即便歸於凡塵,但在仙門中定是不會像凡間一般,任由逝世者的身體在“歸塵”前僵硬腐爛,而是讓他們僅僅像是睡著了一般,體麵地完成喪事。
所以……隻是看一眼的話,隻是看一眼許聽瀾的臉,現在還是可以做到的。
莫子占隨意地給自己施了一個療傷術法,止住手背上的血口,並未取燈,轉身便再次投入到藏歲小築外那一片夜幕中。
「十方神宗」的天幕結界上諸星鮮明,冬日順著北鬥七星“天樞”所指方向前去,是一片高聳的山石。
其間有一天然洞室,終年被冰雪覆蓋,卻又總有傲雪寒梅在此綻放,是這片被封存的雪境中難得能窺見春意的地方,故而被稱之為“窺春洞“。

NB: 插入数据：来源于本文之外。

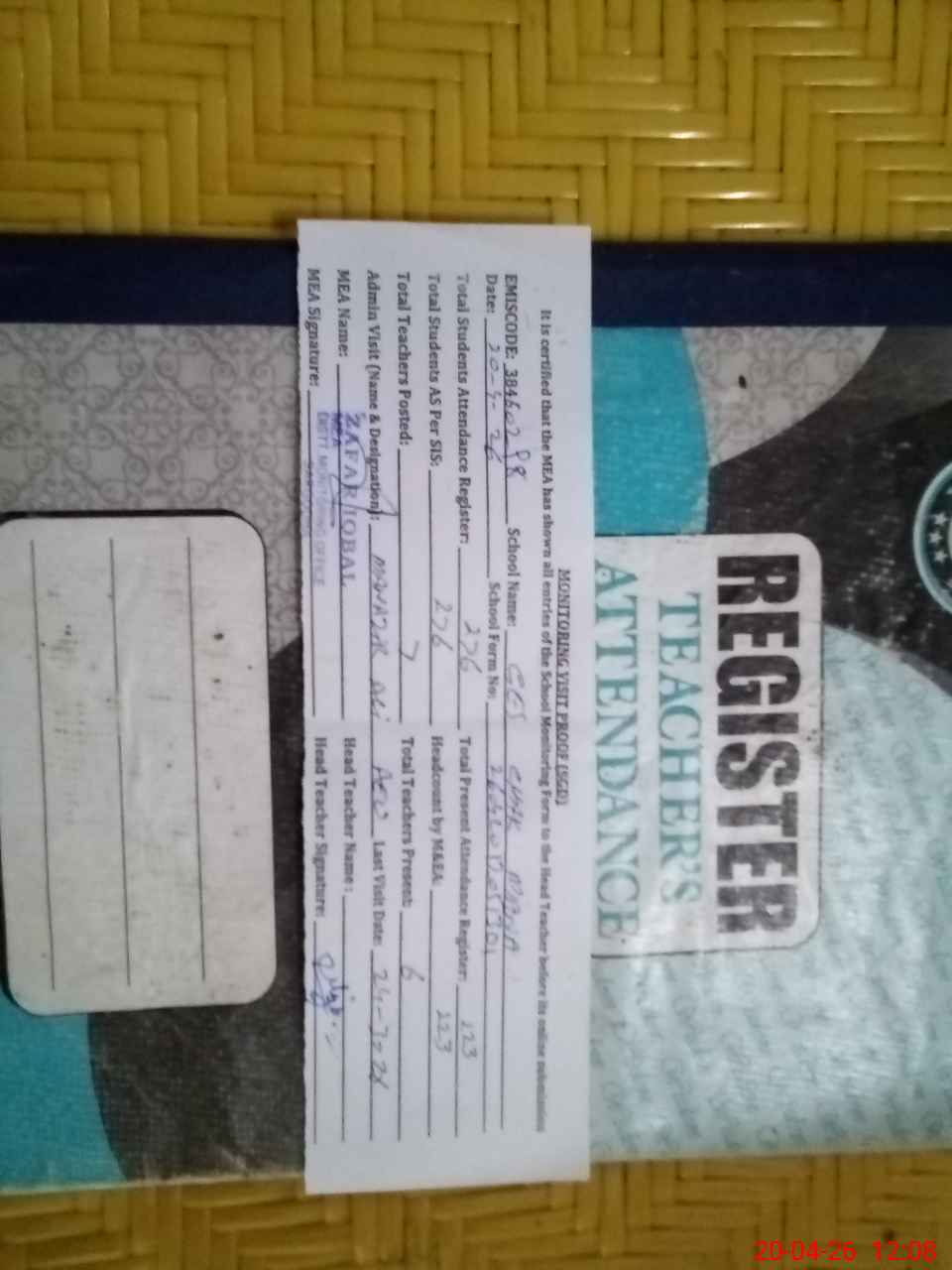 | Attendance Register | Head Teacher | MEA with School | Visit Proof |

此時窺春洞外,不負盛名地舒展著幾株玉梅,花枝嫣然,映在背後的層層冰雪上。
無論是形狀還是顏色,都與莫子占手背上那道破開的口子很是相配,隻不過一個清雅,一個猙獰。
他一步步輕緩地走近窺春洞,在藏歲小築時翻湧著的衝動也在一步步間被恐慌取代。
距離洞口約莫還有五步,他便徹底不敢再繼續靠近。
窺春洞正是暫放著星玄仙尊遺體的地方。
為何要去見許聽瀾?
憑何去見許聽瀾?
一聲聲質問在莫子占心底響起,讓他的手腳變得越發僵硬,也越發寸步難行。
他耳邊響起嗡鳴,夾帶著魔君帝鳩說過的話,如同煩人的蒼蠅。
“你隻是個被替出來的軀殼罷了,人堂堂星玄仙尊會願意救你,會樂意收你為徒,隻因被責任裹挾,隻因你這軀體上的仙骨極佳。”
“沒有半分緣由,是因你下賤坯子本身。”
“你要記得,自己是個什麼東西。”
我是個什麼東西?
莫子占低垂著眸子,看了眼自己的手。
手背上的傷口如同一道深不見底的溝壑,將他的心緒拉扯到一個很遠地方,那個他第一次見到許聽瀾的地方。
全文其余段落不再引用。